The past two months I have been working on cleaning up the home network and streamlining my backup processes. Anyone who has accumulated PCs and hard drives over time knows that data creep can overburden your network. I used to split drives into a number of partitions to keep data segregated. Over time some partitions became maxed while others were barely used. Some didn’t even make sense anymore (FAT32 partition anyone?). I don’t follow that strategy anymore (root folders segregate enough for me now) except that my operating system is always(!) on its own partition.

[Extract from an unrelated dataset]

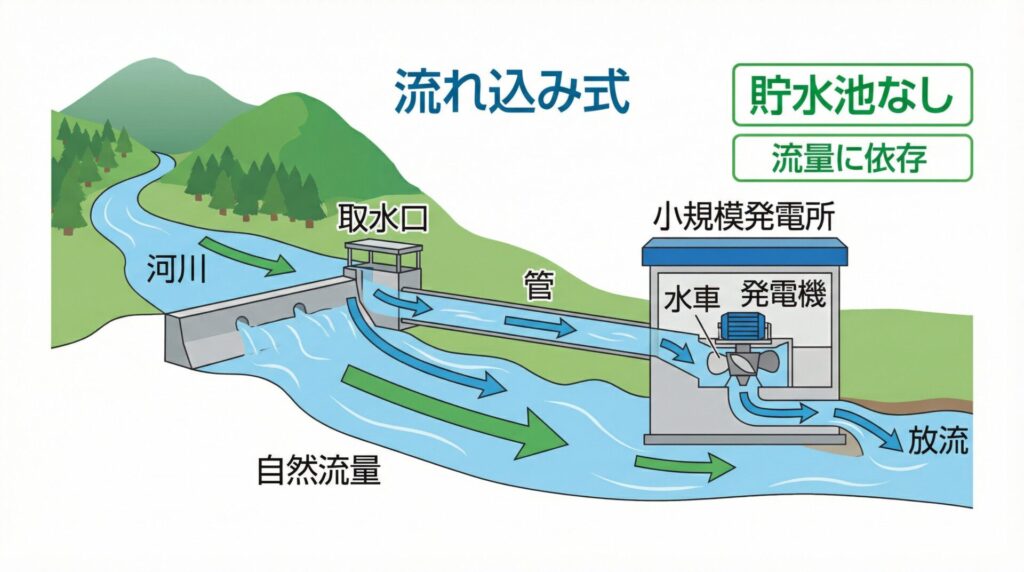 ダムのような大きな貯水池を作らず、「川の水を少し横に引いて、そのまま水車を回す」というイメージですね。

This was a spring cleaning exercise brought on by the slow death of my backup server. The machine was basically eight years old, with four 320GB drives and one 1TB Samsung. It was normally on 24/7 but was powered down prior to our Disney vacation. It didn’t want to come back up. After some work, I resuscitated it so I could be certain of what was on each drive. I ordered replacement parts; a new MB, an AMD X3 455 CPU, and 8GB RAM. The case was fine and the power supply was less than eighteen months old.
Investigating the drives
Hard drives are no longer as cheap as they had been mid-2011 and prior. In addition, since Seagate took over Samsung’s drive manufacturing, there hasn’t been enough data to determine whether that is a good, or bad, thing. As a result of these two factors, I chose to use the drives already I already had on-hand.

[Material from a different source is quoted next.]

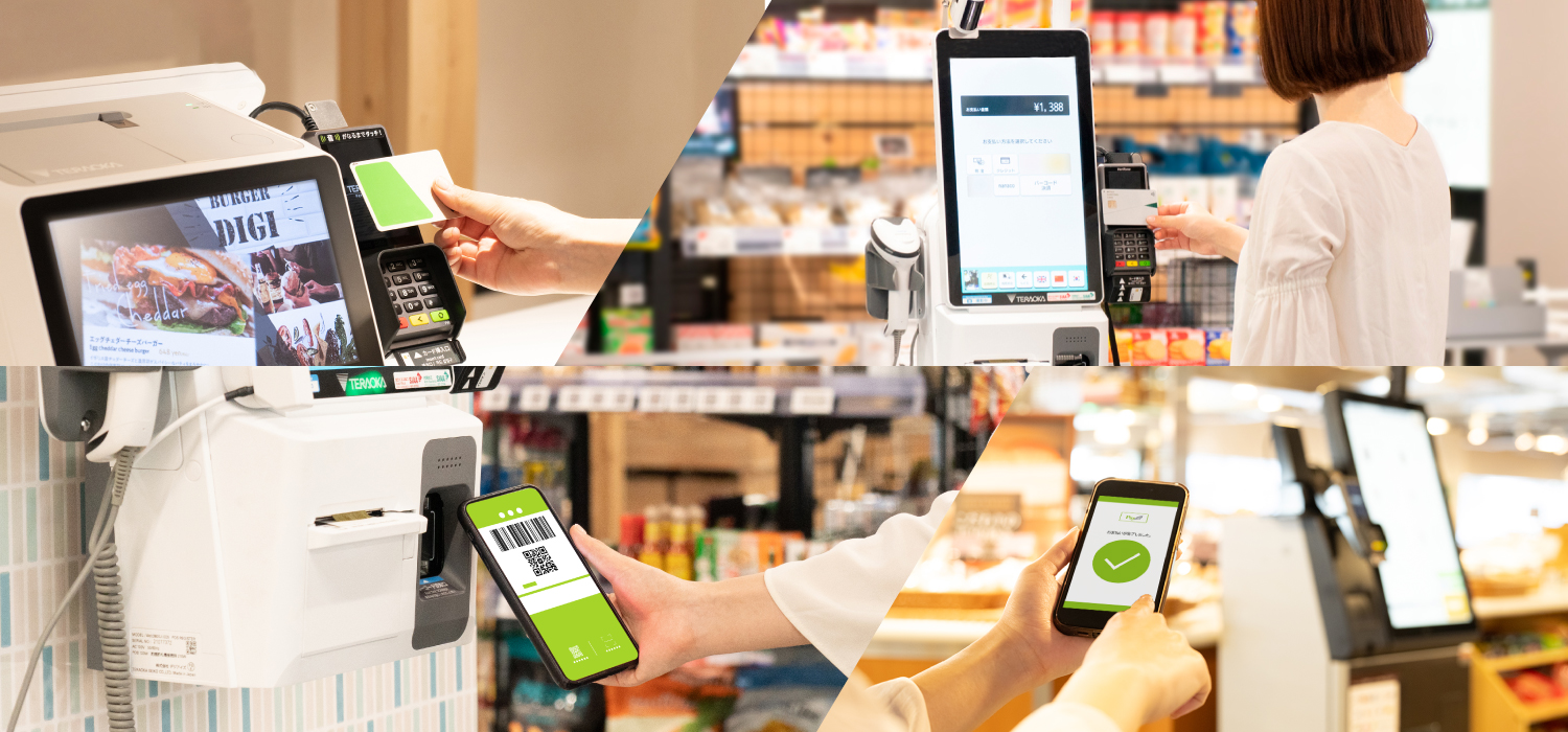 Payossの決済端末は寺岡精工の券売機やPOSレジと完全連動。二度打ちが不要になり、スピーディーな会計処理を実現。

Choosing to not expand storage meant I really needed to get a handle on what was stored, and where. During the investigation of the backup machine’s drives, I discovered multiple copies of the same data, on different drives. On paper each drive was listed, along with what was on it (including the spaces being used for each). This gave me a clearer picture of whether there were data on the backup machine that was not really backed up data but rather original information. Fortunately there were only a few instances, primarily family video work from back when the machine was being used as my primary desktop. Everything else was a copy of live data found elsewhere on the network.
Reorganize
Because I did not have a drive large enough to move everything to wholesale, I spent the better part of three weeks shifting data around. In the end, I removed three net drives from the backup server, and am directly protecting more data than before. My entire openfiler SAN, which has continued to grow in importance, is now being backed up via CIFS, rather than backing the vm up. A single script backs it up nightly and, should the need arise, a single script can rebuild the entire SAN from scratch.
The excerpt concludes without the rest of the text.